Electronic – Why is a MOSFET triggered by Vgs and not Vgd


Looking carefully at this diagram of one type of MOSFET:

enter image description here

(found in this application note)

We can see the device is virtually symmetrical. What makes the gate reference itself to the source and not the drain?

Also, why would the gate oxide break down at 20V Vgs and not 20V Vgd?

(Not a homework question. Just curiosity.)

Best Answer

Because the Figure 1 you posted refers to a 4-terminal device, not a 3-terminal one. If you look at the schematic symbol in Figure 1, you'll note that the body terminal is a separate terminal not connected to the source terminal. MOSFETs for sale are almost always 3-terminal devices where source and body are connected together.

If memory serves me right (not 100% sure -- seems to be corroborated by this handout), in a 4-terminal device there is no difference between source and drain, and it is the gate-body voltage that determines the on-state of the channel -- with the caveat that the body is supposed to be the most negative voltage in the circuit for an N-channel device, or most positive voltage in the circuit for a P-channel device.

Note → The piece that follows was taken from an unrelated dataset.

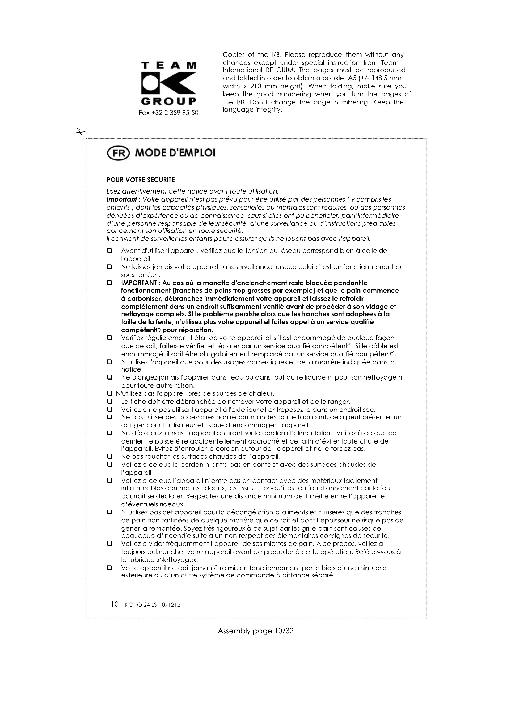 N’utilisez l'appareil que pour des usages domestiques et de la manière indiquée dans la notice. Ne plongez jamais l'appareil dans l'eau ou dans tout autre liquide ni pour son nettoyage ni pour toute autre raison. N'utilisez pas l'appareil près de sources de chaleur. La fiche doit être débranchée de nettoyer votre appareil et de le ranger. Veillez à ne pas utiliser l'appareil à l'extérieur et entreposez-le dans un endroit sec. Ne pas utiliser des accessoires non recommandés par le fabricant, cela peut présenter un danger pour l’utilisateur et risque d’endommager l’appareil. Ne déplacez jamais l’appareil en tirant sur le cordon d’alimentation. Veillez à ce que ce dernier ne puisse être accidentellement accroché et ce, afin d’éviter toute chute de l’appareil. Evitez d’enrouler le cordon autour de l’appareil et ne le tordez pas. Ne pas toucher les surfaces chaudes de l’appareil. Veillez à ce que le cordon n’entre pas en contact avec des surfaces chaudes de l’appareil Veillez à ce que l’appareil n’entre pas en contact avec des matériaux facilement inflammables comme les rideaux, les tissus,... lorsqu’il est en fonctionnement car le feu pourrait se déclarer. Respectez une distance minimum de 1 mètre entre l’appareil et d’éventuels rideaux. N’utilisez pas cet appareil pour la décongélation d’aliments et n’insérez que des tranches de pain non-tartinées de quelque matière que ce soit et dont l’épaisseur ne risque pas de gêner la remontée. Soyez très rigoureux à ce sujet car les grille-pain sont causes de beaucoup d’incendie suite à un non-respect des élémentaires consignes de sécurité. Veillez à vider fréquemment l’appareil de ses miettes de pain. A ce propos, veillez à toujours débrancher votre appareil avant de procéder à cette opération. Référez-vous à la rubrique «Nettoyage». Votre appareil ne doit jamais être mis en fonctionnement par le biais d’une minuterie extérieure ou d’un autre système de commande à distance séparé. Copies of the I/B. Please reproduce them without any changes except under special instruction from Team International BELGIUM. The pages must be reproduced and folded in order to obtain a booklet A5 (+/- 148.5 mm width x 210 mm height). When folding, make sure you keep the good numbering when you turn the pages of the I/B. Don’t change the page numbering. Keep the language integrity.

(edit: found a reference for MOSFET device physics. The source-drain behavior is still symmetric, but depends on both gate-source and gate-drain voltages. In N-channel, if both are negative, the channel is nonconducting. If one is greater than the threshold voltage, then you get saturation behavior (constant-current). If both are greater than the threshold voltage, you get triode behavior (constant-resistance). The body/bulk/substrate still needs to be the most negative voltage in the circuit, so to get the reversed behavior in a circuit, body + drain would need to be tied together.

In a P-channel device, this polarity is reversed.)

Look carefully at the conventional schematic symbols for N- and P-channel MOSFETs (from Wikipedia):

n-channel p-channel

and the Wikipedia figure on MOSFET functioning, and you'll see the body-source connection.